Now sew the left edge and the right edge. Be careful on the the velcro side. You should be sewing on the 3/8″ seam allowance on the side of the velcro.
Repeat with the two panels for the other side. When you are finished you should have 2 thicker, two-sided curtain panels. The velcro side of the panels will face the wall and cannot be seen.
*Some curtains are larger than the width of the batting, if you make sure they are the same size it would make things a lot easier! If you have the same size then simply sandwich the batting between curtain panels front and back. One of them will have the velcro, one will not. Make sure the curtain panel wrong sides are touching the batting.
The next step is attaching the curtains to the wall. This will seal the curtains lowering your heat loss significantly.
First you will attach your soft velcro to the 1″ wide wood stake, by using a staple gun. Each staple should be about 4 inches away from the wood. Make sure that the velcro is flat and taut as you go.
After the velcro stakes are done you will attach it to the velcro on the curtain. This will help you get perfect placement.

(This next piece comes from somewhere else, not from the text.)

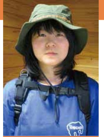
神 春花/奥入瀬溪流のコケに魅了された「コケガール」。休日には、多くの友人を現地まで案内して、コケの魅力力を力説している。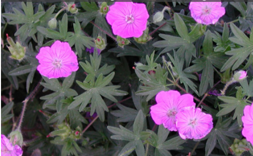
14. GERANIUM sanguineum - Bec de grue

Raccourcir les tiges après chaque floraison pour favoriser une nouvelle végétation. Tailler en petites touffes en fin d'hiver.

Place it onto the wall exactly where you want the velcro to go. About 1 inch away from the edge would be good. Mark it with a pencil. Remove the wood velcro piece from the curtain and nail it to the wall where you marked the placement.
Now stick the curtain panels to the velcro on the wall and make sure they are exactly where you want them. You should not be able to see the wood velcro pieces when the panels aren’t attached. They should be perfectly hidden all the time.

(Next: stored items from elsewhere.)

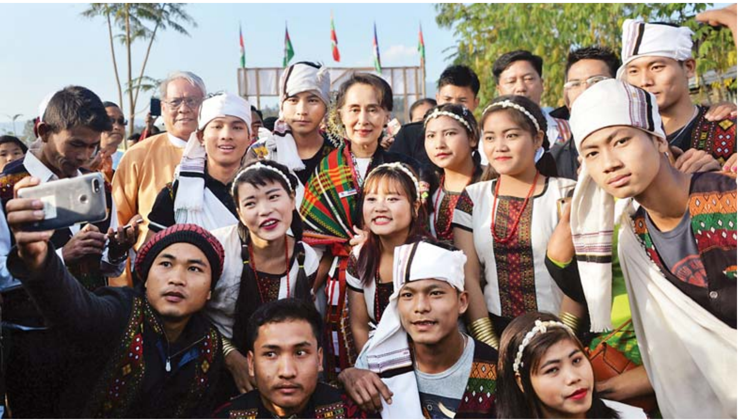
နိုင်ငံတော်၏အတိုင်ပင်ခံပုဂ္ဂိုလ် ဒေါ်အောင်ဆန်းစုကြည် ဟားခါးလေးမြောက်ကျေးရွာတွင် ချင်းတိုင်းရင်းသား တိုင်းရင်းသူများနှင့်အတူ စုပေါင်းမှတ်တမ်းတင်ဓာတ်ပုံရိုက်စဉ်။

“ကျွန်မတို့ဟာ ပြည်ထောင်စုရဲ့ မိသားစုဝင်တွေပဲ။ ပြည်ထောင်စုရဲ့မိသားစုဝင်တွေဟာ ကျွန်မတို့နိုင်ကြီး၊ ကျွန်မတို့ ပြည်ထောင်စုကြီး ငြိမ်းချမ်းသာယာပြောဖို့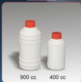
Kod TS 720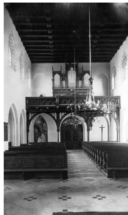
Nieistniejący już ewangelicki kościół Świętej Trójcy w Hołdunowie. Świątynię wybudowano w 1902 r. ale w 1967 r. została rozebrana z powodu szkód górniczych.

*This is the best option for sticking the curtains to the wall – easy removal without a ton of holes in the wall was one of them, cheap and effective.

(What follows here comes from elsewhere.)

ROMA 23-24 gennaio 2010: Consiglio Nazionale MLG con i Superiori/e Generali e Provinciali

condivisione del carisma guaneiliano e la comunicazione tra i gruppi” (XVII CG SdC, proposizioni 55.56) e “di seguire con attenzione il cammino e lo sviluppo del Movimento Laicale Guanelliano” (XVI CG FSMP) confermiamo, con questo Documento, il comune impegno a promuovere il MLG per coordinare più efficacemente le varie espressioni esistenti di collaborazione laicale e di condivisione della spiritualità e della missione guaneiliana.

Your curtains are finished and sealed nicely to the wall but we still have a gap at the top that drafts will come through. To solve this, make a curtain valence that covers the holes at the top and snugly fits over the curtain.
First you will use brackets and attach them to the wall about 1/2″ above the curtain rod. Cut your wood the same length as the curtain rod but 1″ wider.
The wood in this tutorial measured 4″ wide x 79″ long. Screw your wood down on the brackets.
*You can use very thin wood because it will only have light fabric attached to it. Molding, or even thick foam would work just fine also.
Now you will cut out your fabric for the valence. For your length you measure the side edges and front edge of the wood and add them all together(4″ + 4″ + 79″ = 87″). Then decide how long you want the valence to drape, add the width of the wood and times that by 2. Here, the valance drapes 12″, so 4″ is added to the width of the wood, multiplied by 2 so that the fabric could be folded in half ((12″ + 4″) x 2 = 32″). Folding makes the fabric thicker and also makes it so you don’t have to hem the edge. Measurements here were 32″ wide x 87″ long.
For the batting measurement you will use the same 87″ length. The width of the batting will be your desired length plus the width of the wood minus 1 inch(12″ + 4″ -1″ = 15). This batting measured 15″ wide x 87″ long.
Once you have everything cut out you are ready to attach the batting to the wood. Lay the batting onto the wood with the edge hitting the wall.
You are going to wrap the corners exactly like a present. Staple the batting corner edge and the top back edge next to the wall.
For the fabric you need to fold it in half and iron it very well. Then attach it the same way you did the batting just make sure the raw edges are touching the wall and the fold is hanging.
After that you are done! 🙂 By now if you followed the tutorial you should have two sided insulated curtains that not only function well but look great too!
These are definitely a great help to your room heaters. You would feel a significant temperature difference by touching the inside of the curtain and comparing it to the outside. Did we mention that these are great for the summer as well? They will keep your room cool on those hot summer days.
Could this be your next weekend project?